PISTOCLÈRE. Ici.
LYDUS. Comment, ici ? Qui demeure dans cette maison ?
PISTOCLÈRE. L’Amour, la Volupté, Vénus, la Grâce, la Joie, les Jeux, les Ris, les Doux Propos, le Tendre Baiser.
LYDUS. Eh ! qu’avez-vous affaire avec ces fléaux ?
PISTOCLÈRE. Il n’y a qu’un méchant homme qui parle mal des gens de bien. Vous, vous outragez jusqu’aux dieux : vous avez tort.
LYDUS. Il y a donc un dieu qui s’appelle Tendre Baiser ?
PISTOCLÈRE. Vous ne le saviez pas ? Ah ! Lydus, êtes-vous barbare, vous que je croyais plus sage que Thalès ! Allons, vous êtes plus borné que le stupide Potitius[1], si à votre âge vous ne savez pas les noms de nos dieux.
LYDUS. Cet accoutrement ne me sourit guère.
PISTOCLÈRE. Aussi n’est-ce pas pour vous qu’on l’a pris, mais bien pour moi, et tel qu’il est, il me plaît.
LYDUS. C’est ainsi que vous raisonnez à ma barbe ! quand vous auriez dix langues, il vous siérait mieux de rester muet.
PISTOCLÈRE. Mon cher Lydus, il vient un âge où l’on ne va plus à l’école. En ce moment, je n’ai qu’une chose dans la tête : c’est que le cuisinier nous apprête dignement ces mets délicats.
LYDUS. Vous vous perdez, vous me perdez aussi ; et voilà le résultat de mes soins et des bonnes leçons que je vous ai prodiguées !
PISTOCLÈRE. Nous avons tous deux perdu notre temps, et vos leçons n’ont servi ni à vous ni à moi.
LYDUS. Pauvre cœur ensorcelé !
PISTOCLÈRE. Vous êtes assommant. Allons, Lydus, taisez-vous et suivez-moi.
LYDUS. Voyez, il ne m’appelle plus son gouverneur, mais tout bonnement Lydus.
PISTOCLÈRE. Il serait peu convenable, ce me semble, quand le maître va être installé là dedans, couché près de sa maitresse et l’embrassant au milieu de joyeux convives, qu’il y eût devant eux un gouverneur.
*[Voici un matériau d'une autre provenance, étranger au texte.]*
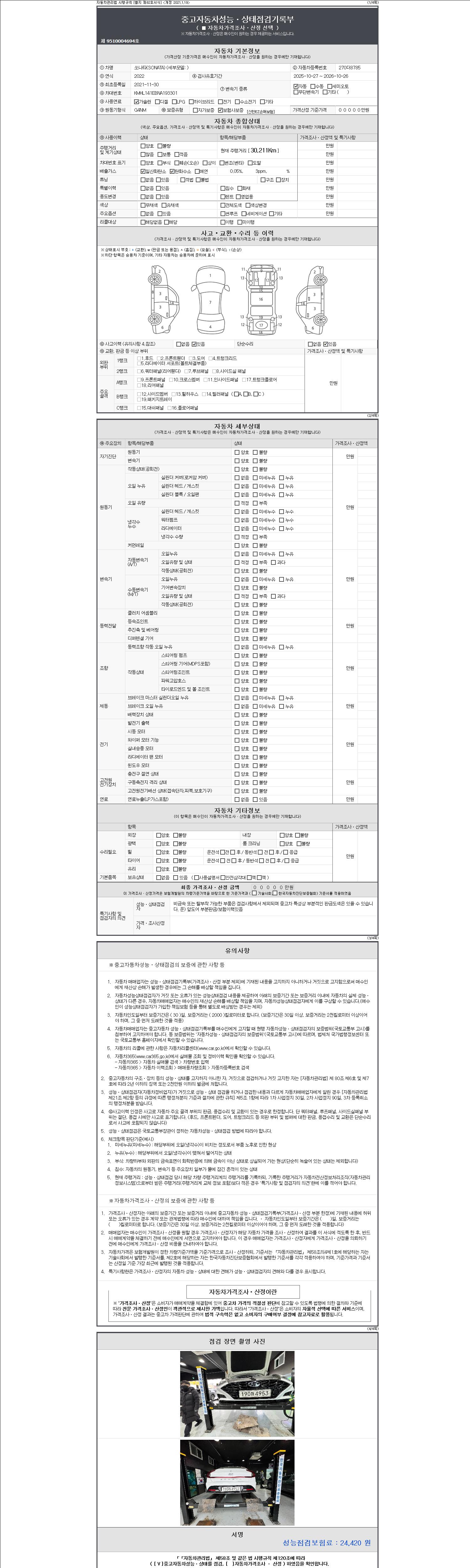 자동차관리법 시행규칙 제120조의 규정에 따라 별지 제 82호서식 《중고자동차 성능, 상태점검 기록부》를 발행한 성능, 상태점검자 및 매매자는 아래의 보증기간 또는 보증거리 이내의 중고자동차, 성능점검 기록부에 기재된 내용과 자동차의 실제 성능, 상태가 다른 경우 계약 또는 관계법령에 따라 매수인에 대하여 책임을 집니다.

LYDUS. Comment ! c’est pour cela que vous avez acheté ces provisions ?
PISTOCLÈRE. Je l’espère ; mais l’événement dépend des dieux.
LYDUS. Vous aurez une maitresse, vous ?
- ↑ Personnage dont la sottise était proverbiale à Rome, comme la sagesse de Thalès à Athènes.